The debate over ownership diversity affecting content diversity contributes to the notion that for African Americans to be well represented in media, there needs to be African-American ownership within the industry. A lack of investment in Black-owned media perpetuates disparities, ultimately silencing a marginalized community and its stories. Supporting Black-owned media is crucial for ensuring diverse perspectives and accurate representation.

== Examples of misrepresentation ==

=== Little Black Sambo ===
The Story of Little Black Sambo is an 1899 children's book by Helen Bannerman about a South Indian boy who outwits a group of tigers. Although the original illustrations depicted the protagonist as Indian, later U.S. editions often featured illustrations resembling racist caricatures of Black children.

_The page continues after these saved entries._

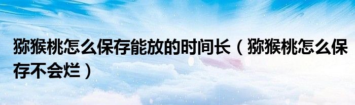导读 大家好,精选小综来为大家解答以上的问题。猕猴桃怎么保存能放的时间长,猕猴桃怎么保存不会烂很多人还不知道,现在让我们一起来看看吧!防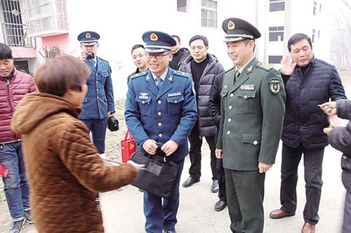 項(xiàng)城市人武部政委汪燦輝為立功受獎(jiǎng)戰(zhàn)士家庭送喜報(bào)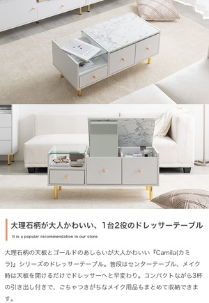 天板の大理石柄とゴールドのあしらいが特徴の『Camila(カミラ)』シリーズのドレッサーテーブル。普段はセンターテーブル、天板を開けるとドレッサーになる1台2役の省スペースなサイズ感は、1人暮らしやワンルームにもぴったりです。深さの異なる3つの引き出しと、ガラスの美しいディスプレイ収納付きで、ごちゃつきがちなメイク用品もスマートに整理できます。

Over time, the character "Sambo" became associated with stereotypes portraying Black people as simple, smiling, and docile. The name and imagery were used to infantilize Black people and reinforce racial hierarchies in American culture.

=== The "coon" caricature ===
The "coon" caricature is one of the most dehumanizing and enduring stereotypes of African Americans. Emerging in the 19th century, it portrayed Black people as lazy, cowardly, foolish, and buffoonish. Unlike the “Sambo,” who was childlike and passive, the coon was usually an adult acting immaturely. This stereotype reinforced ideas of Black incompetence and was widely used in minstrel shows and early American film.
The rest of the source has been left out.